(Stored data):
· · ·

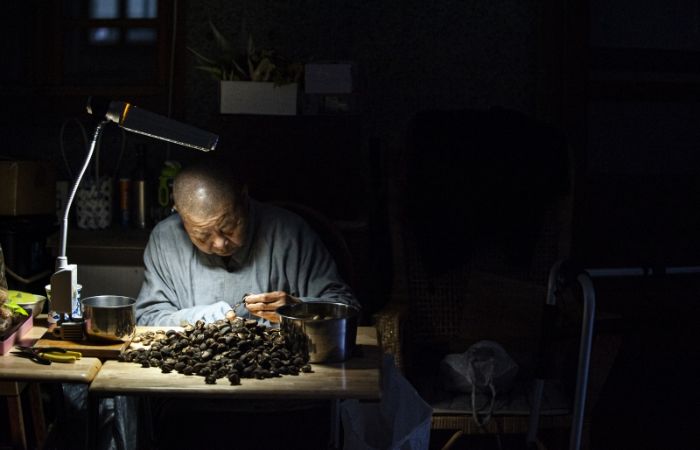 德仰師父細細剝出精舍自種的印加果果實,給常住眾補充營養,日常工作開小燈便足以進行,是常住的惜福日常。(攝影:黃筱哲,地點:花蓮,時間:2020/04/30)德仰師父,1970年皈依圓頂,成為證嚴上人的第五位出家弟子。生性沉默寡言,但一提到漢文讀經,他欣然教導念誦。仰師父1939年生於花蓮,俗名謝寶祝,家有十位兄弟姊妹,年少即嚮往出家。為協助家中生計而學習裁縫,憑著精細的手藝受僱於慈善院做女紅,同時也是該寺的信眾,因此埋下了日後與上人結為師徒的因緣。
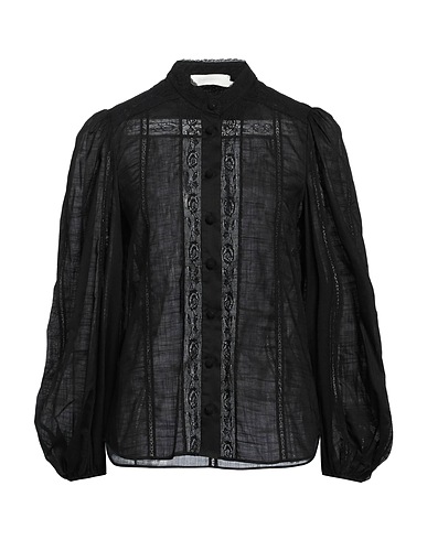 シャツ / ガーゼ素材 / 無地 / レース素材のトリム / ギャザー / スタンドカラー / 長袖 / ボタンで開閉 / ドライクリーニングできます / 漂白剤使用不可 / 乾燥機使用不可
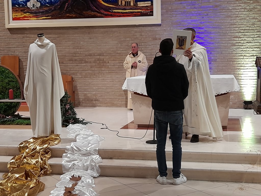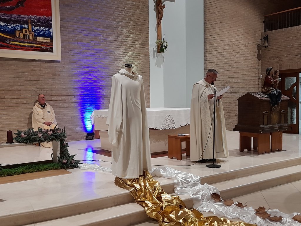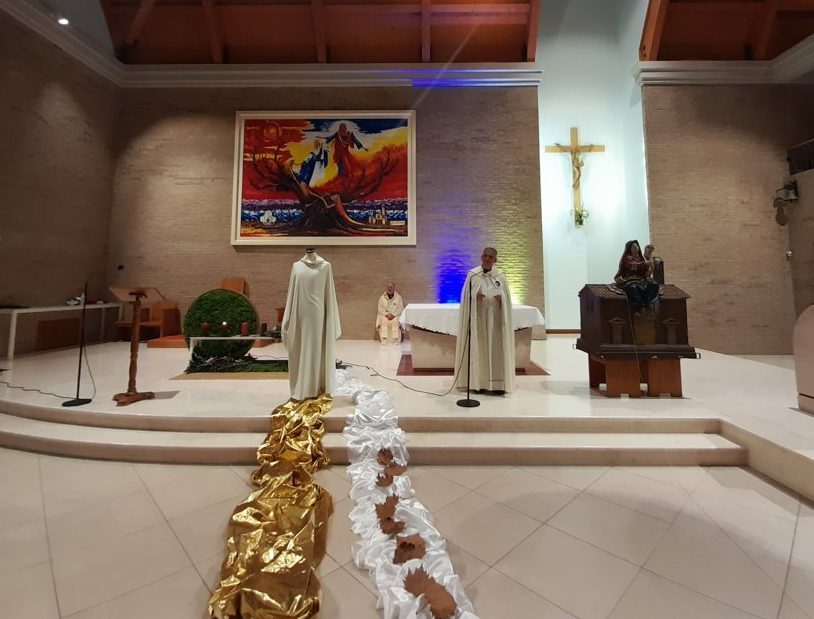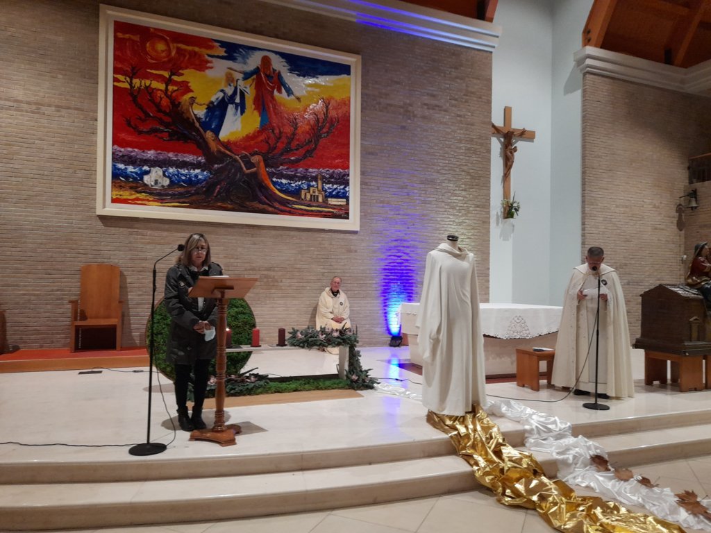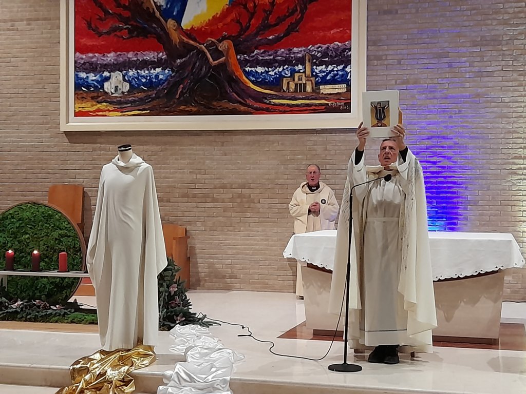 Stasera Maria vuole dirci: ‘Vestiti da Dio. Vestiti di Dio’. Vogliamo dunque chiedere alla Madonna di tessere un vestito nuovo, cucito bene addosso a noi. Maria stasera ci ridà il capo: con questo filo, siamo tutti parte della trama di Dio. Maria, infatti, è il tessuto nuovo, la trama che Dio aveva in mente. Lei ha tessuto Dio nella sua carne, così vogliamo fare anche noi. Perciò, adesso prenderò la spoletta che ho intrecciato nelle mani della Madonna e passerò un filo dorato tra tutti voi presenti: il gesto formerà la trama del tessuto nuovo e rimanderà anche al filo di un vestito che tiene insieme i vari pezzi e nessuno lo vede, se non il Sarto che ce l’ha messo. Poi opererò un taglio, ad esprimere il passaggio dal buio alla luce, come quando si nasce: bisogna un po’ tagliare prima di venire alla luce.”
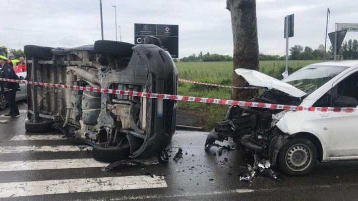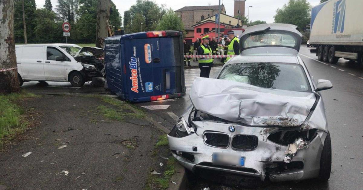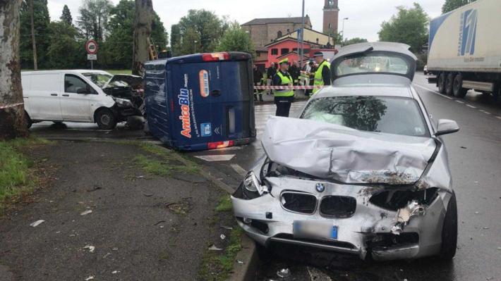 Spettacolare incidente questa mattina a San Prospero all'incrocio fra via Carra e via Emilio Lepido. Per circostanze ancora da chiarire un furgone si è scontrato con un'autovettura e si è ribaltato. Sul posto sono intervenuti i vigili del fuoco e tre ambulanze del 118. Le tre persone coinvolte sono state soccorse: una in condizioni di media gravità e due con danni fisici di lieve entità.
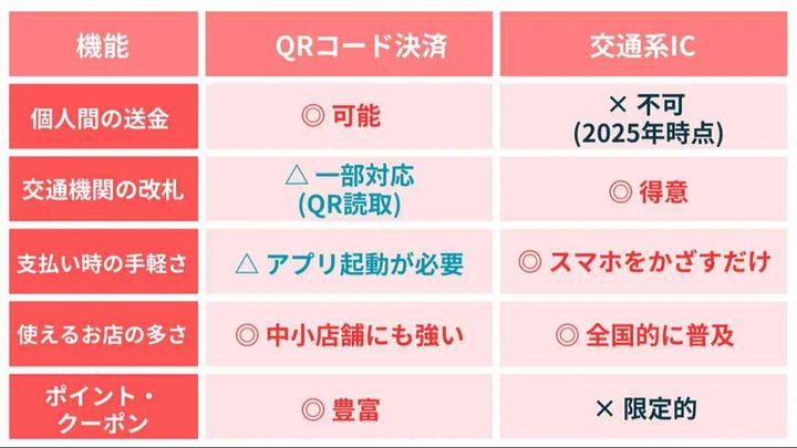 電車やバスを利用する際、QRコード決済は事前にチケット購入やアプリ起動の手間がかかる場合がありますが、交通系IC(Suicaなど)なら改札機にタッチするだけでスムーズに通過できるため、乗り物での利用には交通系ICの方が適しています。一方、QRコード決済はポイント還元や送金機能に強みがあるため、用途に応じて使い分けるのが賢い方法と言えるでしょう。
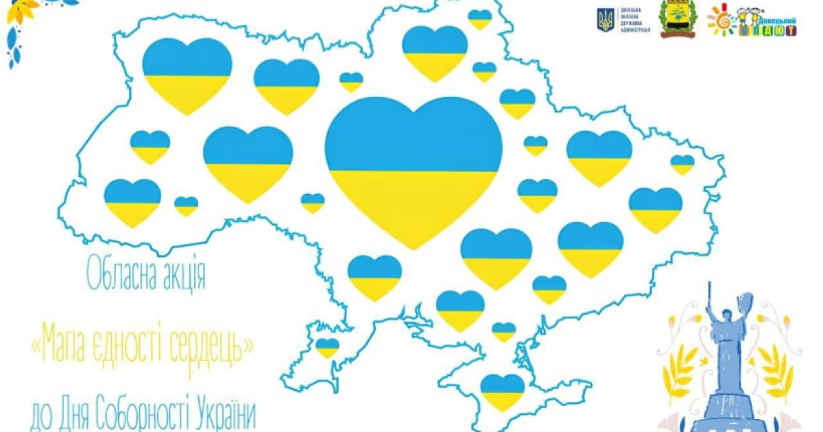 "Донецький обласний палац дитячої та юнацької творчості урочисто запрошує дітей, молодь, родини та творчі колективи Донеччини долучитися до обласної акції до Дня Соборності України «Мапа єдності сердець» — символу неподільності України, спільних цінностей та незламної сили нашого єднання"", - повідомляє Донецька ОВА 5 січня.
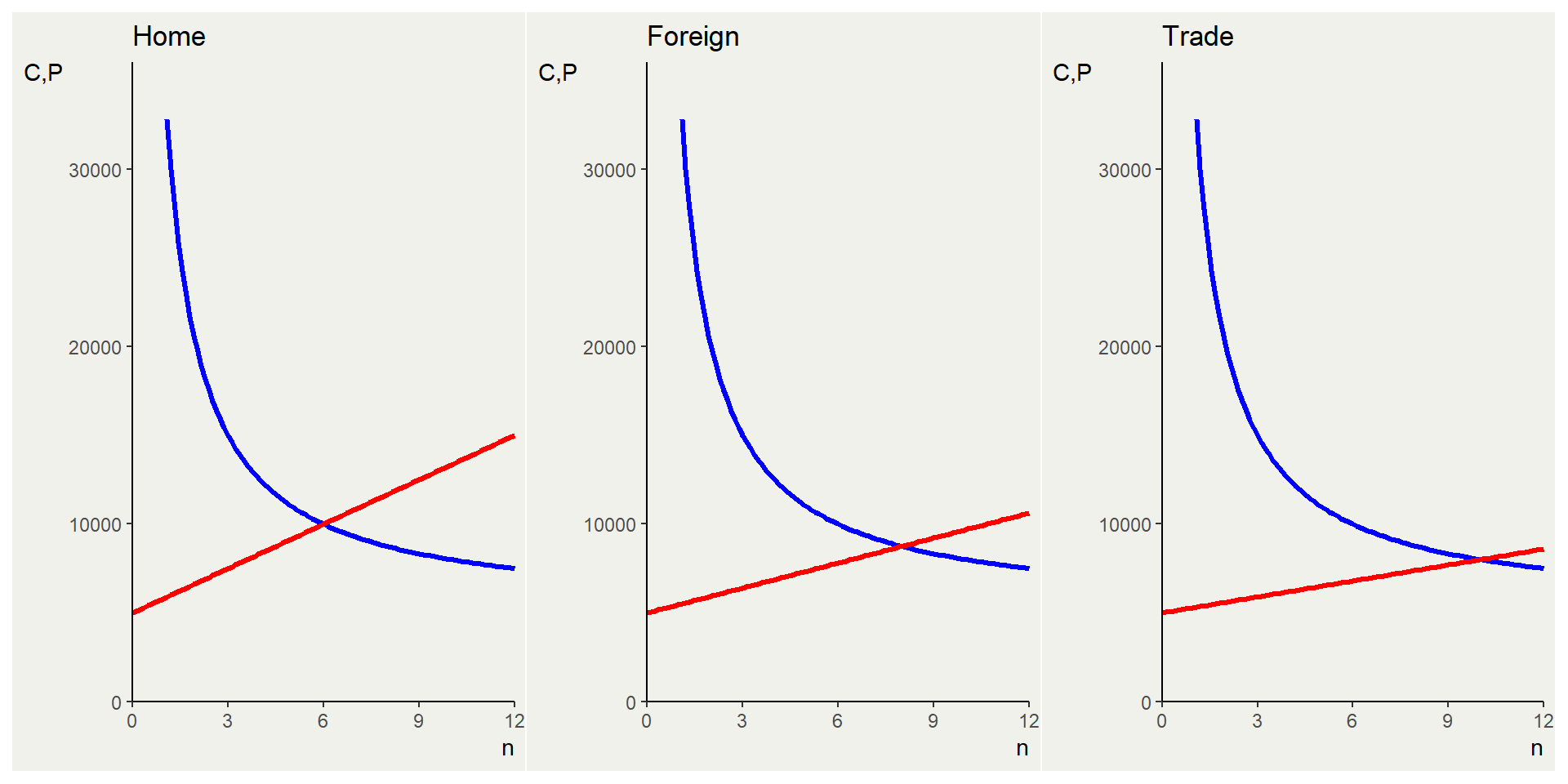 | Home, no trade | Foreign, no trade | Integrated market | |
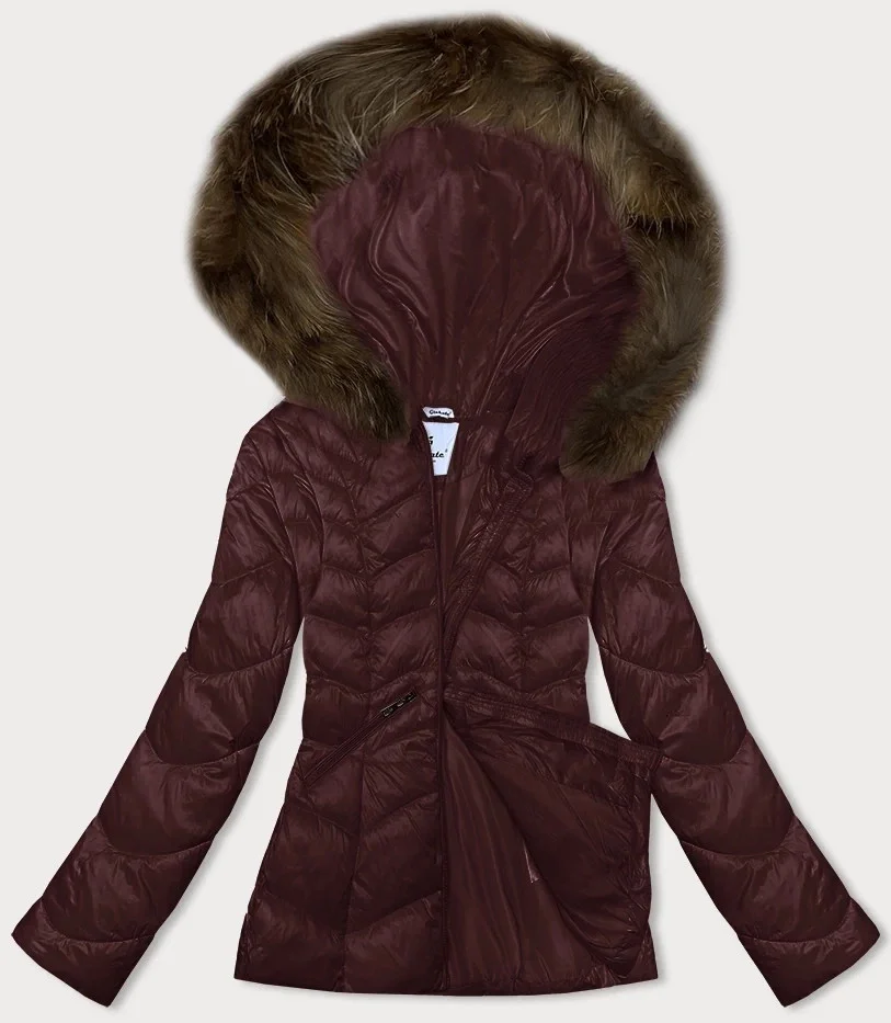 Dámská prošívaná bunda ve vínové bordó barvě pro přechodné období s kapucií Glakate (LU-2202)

· · ·

(How to complete this task): Retype the lines above exactly as they appear, from the line containing "ОВА 5 січня." through the line containing "Integrated market | |", and leave out any pictures.

(Response to the task):
 "Донецький обласний палац дитячої та юнацької творчості урочисто запрошує дітей, молодь, родини та творчі колективи Донеччини долучитися до обласної акції до Дня Соборності України «Мапа єдності сердець» — символу неподільності України, спільних цінностей та незламної сили нашого єднання"", - повідомляє Донецька ОВА 5 січня.
 | Home, no trade | Foreign, no trade | Integrated market | |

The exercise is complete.